Nora stood and brought up a large photo on the screen behind her. It was a close-up of a dead man’s face.
“This is Mustafa Akbariyeh, Imad’s father. He was killed in a Unit operation in Jabalia, and of course, commanding the operation was none other than our very own”—she theatrically indicated me with both hands—“Captain… Avner… Ehrlich.”
Nahum’s low whistle tore through the silence following her statement. Froyke drummed his fingers on the table, and I struggled to remember. Jabalia had been the “terrorist capital” of Gaza, and we would operate there often—even daily, when the situation called for it. Nora switched the image and her laser pointer drew a red dot on the forehead of the young man that appeared on the screen.
“This is Nasser Akbariyeh,” she said. “Imad’s brother. He died recently, in the bombing of the final convoy to leave Shabwah. He led the convoy and was the first to die.”
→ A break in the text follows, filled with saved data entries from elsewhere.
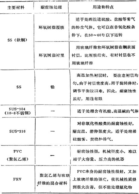 图3-72 高温运转排风机运转时的压力 温度上升时,气体体积膨胀,质量不变,密度下降。排风机的处理体积是不变的,所以,即使温度发生变化,风量基本不变。但是,压力变动与密度变化成比例,所以,温度上升,压力会下降。 看图3-72可知,取横轴的常温压力,可在纵轴上得到高温时的换算压力。另外,排风机的轴动力与(风量×压力)的结果成比例,所以,如果温度上升,则轴动力下降。 在高温下运转的排风机与风量、压力和轴动力有关,不仅如此,还应注意它的结构。如果气体中不含腐蚀性物质,其结构要求如下: 材料:温度在250℃以下时,可用普通钢;如果高于此温度,应使用不锈钢系列的材料。 轴承:温度在100℃左右,可用空气冷却轴承;超过150℃时,采用水冷轴承。另外,还应使用耐热的润滑剂。大型排风机要使用带有油冷却器的油浴器式或强制润滑式的。 3.6.9 经过耐腐蚀处理的排风机 经过耐腐蚀处理的排风机见表3-20。 表3-20 经过耐腐蚀处理的排风机
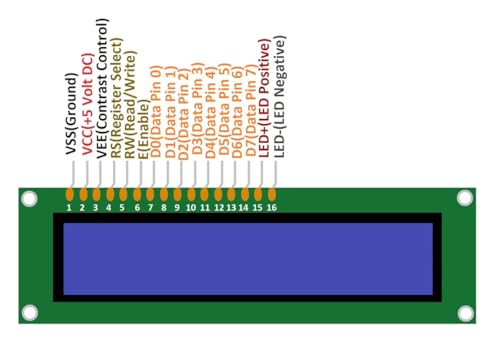 - 📘 يعرض 16 × 2 حرف مع وحدة تحكم متوافقة مع HD44780.
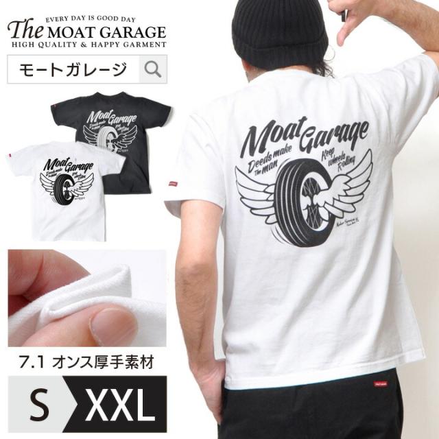 タイヤに羽のはえたデザインは、バイカーを始め、タトゥーの柄でも人気のデザイン。どこまでも自由に行きたいと言うメッセージのこもった、男らしいバックプリントデザインが人気のアメカジTシャツ。 ブランド:Moat Garage / モートガレージ
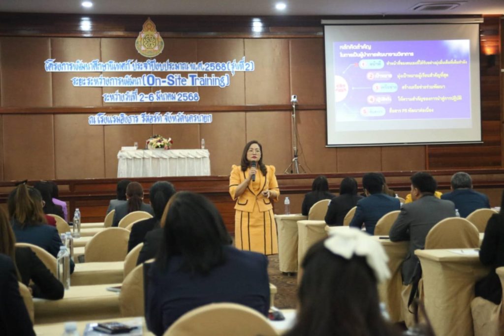 วันที่ 3 มีนาคม 2568 นางเกศทิพย์ ศุภวานิช รองเลขาธิการคณะกรรมการการศึกษาขั้นพื้นฐาน (รองเลขาธิการ กพฐ.) ได้รับมอบหมายจาก ว่าที่ร้อยตรี ธนุ วงษ์จินดา เลขาธิการคณะกรรมการการศึกษาขั้นพื้นฐาน ให้เป็นประธานในพิธีเปิดการพัฒนาศึกษานิเทศก์ ประจำปีงบประมาณ พ.ศ. 2568 (รุ่นที่ 2) โดยมี นางวัฒนาพร ระงับทุกข์ ที่ปรึกษาพิเศษ ศูนย์บริหารงานการพัฒนาศักยภาพบุคคลเพื่อความเป็นเลิศ ดร.เบญลักษณ์ น้ำฟ้า ที่ปรึกษาโครงการฯ นางอาทิตยา ปัญญา ผอ.ศูนย์บริหารงานการพัฒนาศักยภาพบุคคลเพื่อความเป็นเลิศ พร้อมด้วยศึกษานิเทศก์ผู้เข้ารับการพัฒนา 361 คน คณะศึกษานิเทศก์พี่เลี้ยง 46 คน วิทยากรผู้ทรงคุณวุฒิ ผู้บริหารระดับสูง และศึกษานิเทศก์ที่มีความรู้และประสบการณ์ด้านการนิเทศการศึกษา ทั้งในประจำการและนอกประจำการ เข้าร่วม ณ โรงแรมอิงธาร รีสอร์ท จังหวัดนครนายก
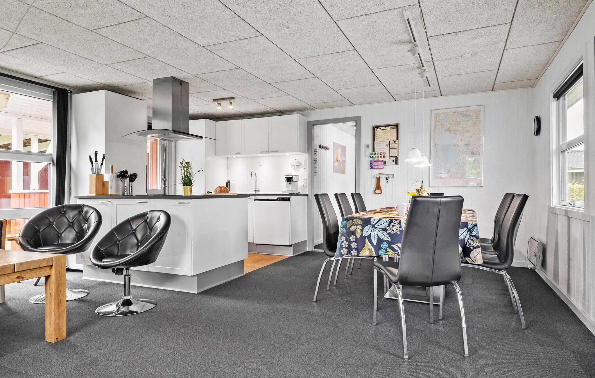 Freuen Sie sich auf Ihren Urlaub in diesem Ferienhaus mit vielen schönen Annehmlichkeiten. Die moderne, offene Küche lädt dazu ein, köstliche Mahlzeiten zuzubereiten. Kochen Sie gemeinsam mit der Familie oder Ihren Freunden und genießen Sie gesellige Abende. Der kombinierte Wohn- und Essbereich bietet einen Esstisch mit Platz für alle und eine komfortable Sofaecke, wo Sie sich entspannen und die freie Urlaubszeit in vollen Zügen genießen können. Nutzen Sie auch die Sauna, um Ihre Tage entspannt ausklingen zu lassen.
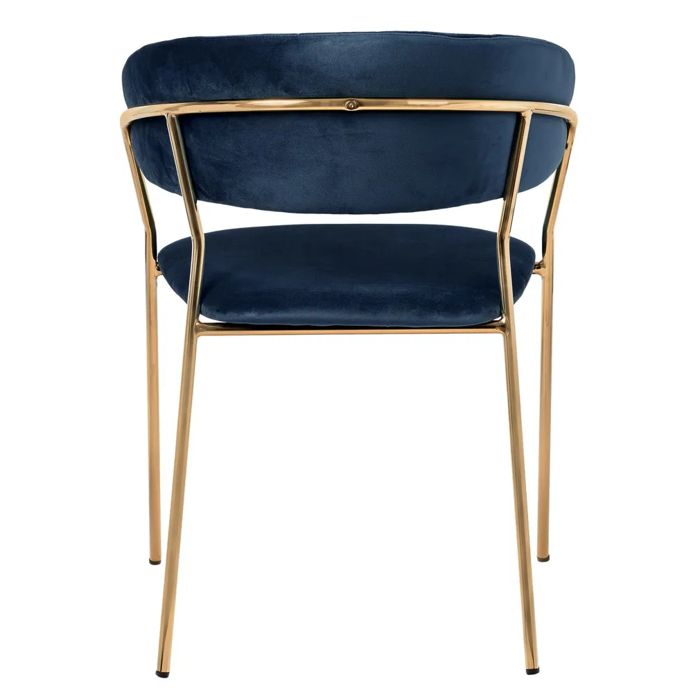 Комплект из четырех стульев Turin создает в интерьере атмосферу утонченной роскоши. Глубокий синий цвет велюровой обивки наполняет пространство благородством и спокойствием. Этот мягкий и приятный на ощупь материал обеспечивает комфорт во время продолжительных трапез или дружеских встреч.
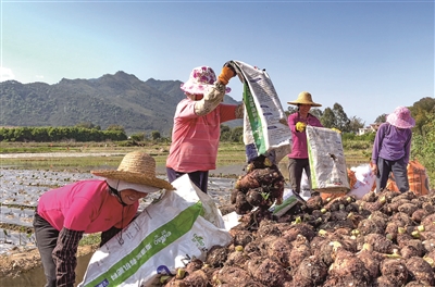 韶關市乳源縣游溪鎮江背村村委呈現出一派豐收的景象:數十名村民正在將一包包香芋從田間挑到地頭,堆積在一起,工人們圍在香芋堆周圍,為香芋清理淤泥、削剪、打包、登記、裝車,不一會工夫,10多米長的大貨車被裝得嚴嚴實實。
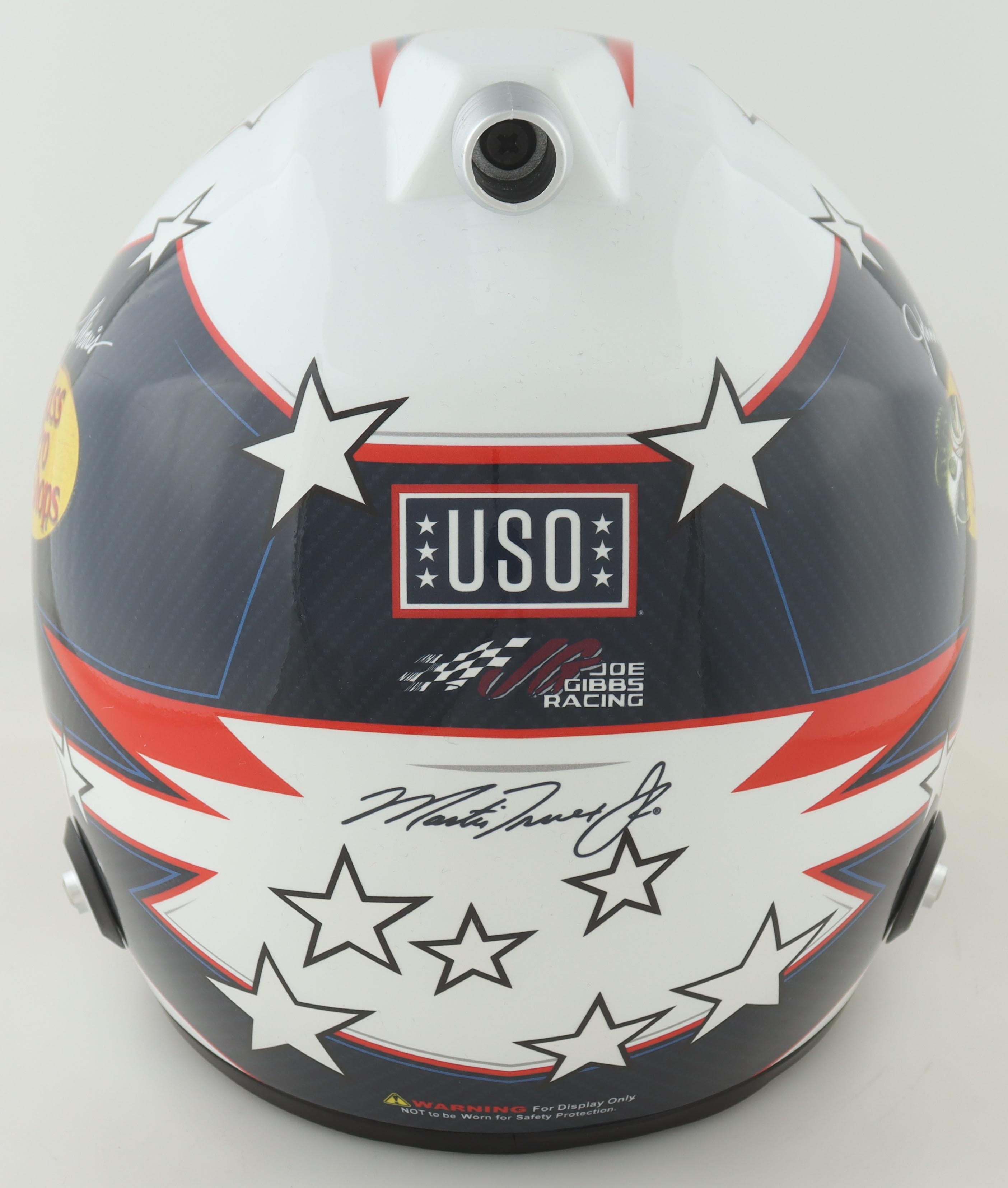 Full-size replica NASCAR helmet is hand-signed on the visor by Martin Truex Jr.
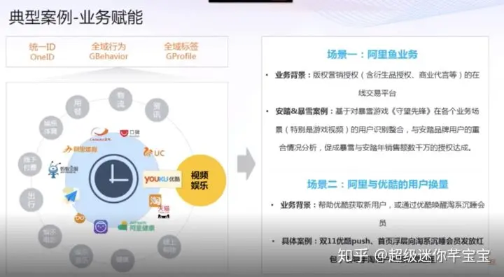 这张图其实就是我们从Hadoop迁到MaxCompute平台上以来,两个非常经典的案例。我们通过数据中台对不同场景的用户打通,来去赋能到两个不同的场景,提升业务价值。

“This is serious business,” said Froyke, coughing a bit. “The Jordanians also tell us that Imad and his buddies are looking for you. At this point, it’s either kill or be killed.”
“Imad is already in Amman.” Nora finally pulled the rabbit out of her hat. “We showed t
he security footage from Bayswater to some workers from Gatwick. They recognized Imad, abu Bachar and the London trio, who all apparently boarded the Sultanate jet. Flight plan shows it landed in Amman last night.”
“So where are they?” asked Froyke.
“The local branch is working on it. Trying to place them,” said Nora. “As you know, their embassy has been under constant surveillance for a while now.”
The director seemed to finally emerge from his thoughts and spoke. “This summit of theirs will come to nothing. Saudi Arabia, the Emirates, Jordan and Egypt are out. We’re still working on the others. But this business at the Temple Mount is very disturbing. Bella!” he barked into his conference phone. “I need to meet with the prime minister, today. I would like this revenge issue addressed by Anne-Marie to receive full consideration.” The director looked at Froyke and me. “Kahanov and his team are on their way, have them handle the security detail for him”—he nodded in my direction—“and that doctor of yours.”
I started laughing. Froyke had a brief coughing fit into a handkerchief. I poured him a glass of water, and he sipped, cleared his throat and glared at me furiously.
“Vhat the hell are you laughing at?” he scolded me, his sharp Ashkenazi w momentarily escaping him. “You must realize they are gunning at you, personally! They want you dead! Weren’t you listening? The schmucks are coming after you!”